The book will be entitled Community of Law and Community of Judges. The European Judiciary and the editors will be Dr. Alejandro Saiz Arnaiz and Dr. Joan Solanes Mullor.

The edited book will count with leading scholars of constitutional law, public international law and administrative law which have approached EU and conventional law in Spain. The twelve chapters that will be part of the book are authored by scholars who have been contributing to the academia and serving in institutional positions at the heart of the European integration process. The twelve authors have written down influential scholar contributions to the European scholarship and, also, they have served in high level institutional positions such as judges of the European Court of Human Rights, General Advocate of the Court of Justice of the European Union, or judges of the Spanish Constitutional Court. Their leadership in the Spanish academia is incontestable and the impact of their work both at the Spanish and European levels as well. For the first time, a collective endeavor reunites these Spanish leading scholars who want to reflect, collectively, on the diagnosis and future of the European judiciary. This is the added value of that collective book that, in English and for the European audience, brings together the reflection on the European judiciary from the point of view of the main Spanish scholars that have been contributing to the advance of the European integration process in the last decades.

The edited book pursues a complete assessment and rethinking of the European judiciary carried out by leading Spanish scholars. The twelve chapters are designed to address the role, function and reconceptualization of the three judicial levels of interaction of the European integration process: the EU, the conventional and national levels. The audience of the book is clearly the European scholarship, the authors have been largely contributing to the European integration debates over the years and this edited book will have a large impact in the European integration process literature. 
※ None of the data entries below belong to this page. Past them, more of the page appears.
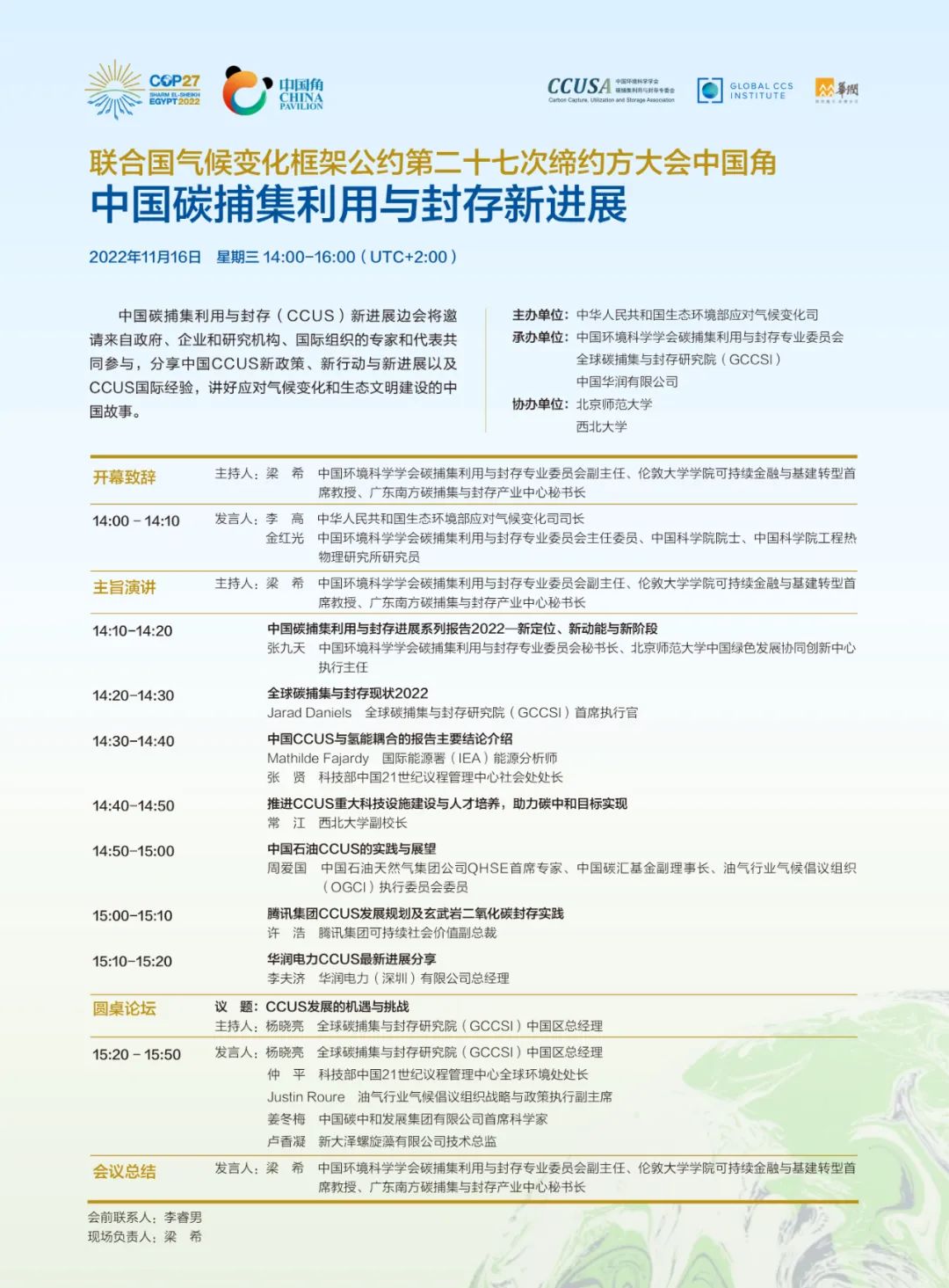 北京时间11月16日,作为《联合国气候变化框架公约》第27次缔约方大会的重要组成部分,中国角“中国碳捕集利用与封存(CCUS)新进展”主题边会在埃及沙姆沙伊赫举行。此次主题边会由生态环境部应对气候变化司主办,西北大学等单位协办,这是西北大学第4次协办联合国气候变化大会中国角边会。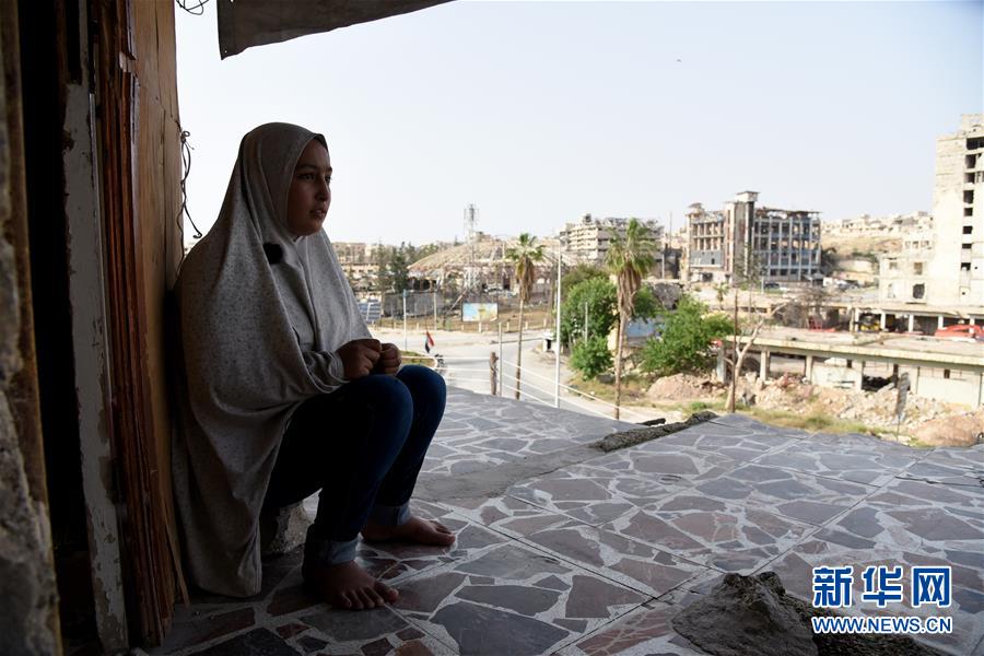 5月6日,在敘利亞阿勒頗,阿明娜坐在沒有圍欄的陽臺(tái)上。新華社發(fā)(胡馬姆·謝赫·阿里 攝)
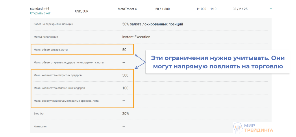 возможные ограничения по торговле. Брокер может ограничить, например, количество сделок, открытых за одну сессию или ввести лимит по числу одновременно открытых позиций;
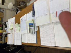 組合員がら徴収した会費や出費の領収書と帳簿合わせたのち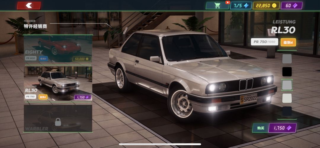 车辆较少(当前版本为6辆,其中4辆金币车,一辆课金车,一辆权限购买车),但建模较为精致

Part I will be devoted to the institutional dimension of the conventional system and the role of the European Court of Human Rights. Chapter I (authored by Prof. Alejandro Saiz Arnaiz) provides insights about the origin of the judicial conventional system and the connections between the design of the Strasbourg Court and the Court of Justice of the ECSC with the existing international jurisdictions at that time. Chapter II (authored by Rafael Bustos Gisbert) and III (authored by Luis López Guerra) reconceptualize the normative relationship between the Strasbourg’s Court and the national courts. This is a classical and unsettled topic which has been key in the last decades for understanding the European integration process. Both Chapters explore formal and informal forms of judicial interaction and particularly Chapter II explores how the idea of contrapunctual law, framed in the context of EU law, fits the conventional system. Finally, Chapter IV (authored by Paz Andrés Saéz de Santamaría) provides insights about two specific elements of the relationship between the conventional and the national levels which are currently at the forefront because of the Russia-Ukraine War: (i) the integration of other international instruments in the way of interpreting and applying European conventional law; and (ii) the use and reception of the interim measures in a context of armed conflicts.
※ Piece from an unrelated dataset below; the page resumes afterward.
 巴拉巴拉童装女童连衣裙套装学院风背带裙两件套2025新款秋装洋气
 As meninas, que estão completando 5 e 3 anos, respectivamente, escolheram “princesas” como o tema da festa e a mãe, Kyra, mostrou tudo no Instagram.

Part II will address some of the most prominent institutional challenges for the Court of Justice of the European Union. Chapter V (authored by Javier Díez Hochleitner) and Chapter VI (authored by Daniel Sarmiento Ramírez-Escudero) will deal with the challenges of some of the most important concepts of EU law: autonomy and primacy. In particular, Chapter V explores how EU law is impinged upon the more and more interrelationship with other international jurisdictions. Chapter VI explores the rethinking of primacy of EU law in a context in which this principle has been under attack from the national level. Chapter VII (authored by Sara Iglesias Sánchez) will deal with the proposal to reform the Court of Justice and to transfer part of the preliminary reference proceedings to the General Court. Finally, Chapter VIII (Juan Ignacio Ugartemendía Eceizabarrena) will deal with the impact of the Charter of Fundamental Rights of the European Union in a determinant tool for national systems, such as the technique of the interpretation in conformity of national constitutional rights in light of EU law (and the Charter). This is, again, a key institutional aspect which intensively links the national legal system with EU law.
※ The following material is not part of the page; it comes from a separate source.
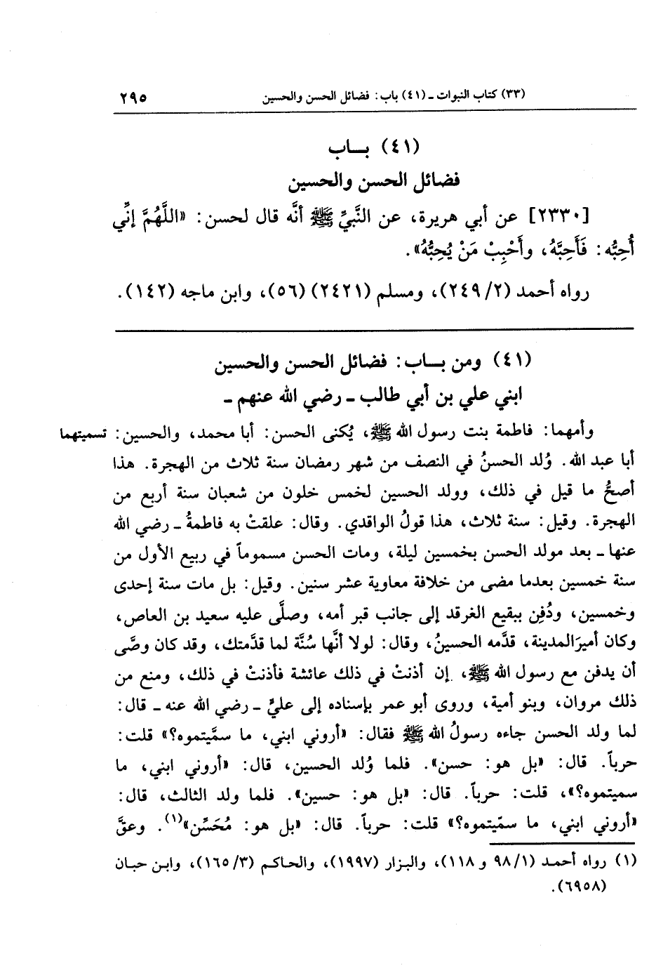 (41) ومن باب: فضائل الحسن والحسين ابني علي بن أبي طالب - رضي الله عنهم -

Part III will discuss how constitutional courts are evolving and reacting in the aftermath of the European integration process. Chapter IX (authored by Xabier Arzoz Santisteban) explores how constitutional courts have been mobilized since late 60’s to be influential in the European integration process. Chapter X (authored by Pedro Cruz Villalón) will address the role of constitutional courts in a new understanding of a constitution, i.e. a constitution highly Europeanized which loses its unique nature of a purely national norm. Chapter XI (authored by Maribel González Pascual) brings to the debate, taking as an example one specific field such as criminal law, the role of constitutional courts as guardians of the national constitutional essences. Finally, Chapter XII (authored by Cristina Izquierdo Sans) concludes this Part assessing which are the limits, in the hands of constitutional courts, of EU law and, at the end, how they are operative in practice.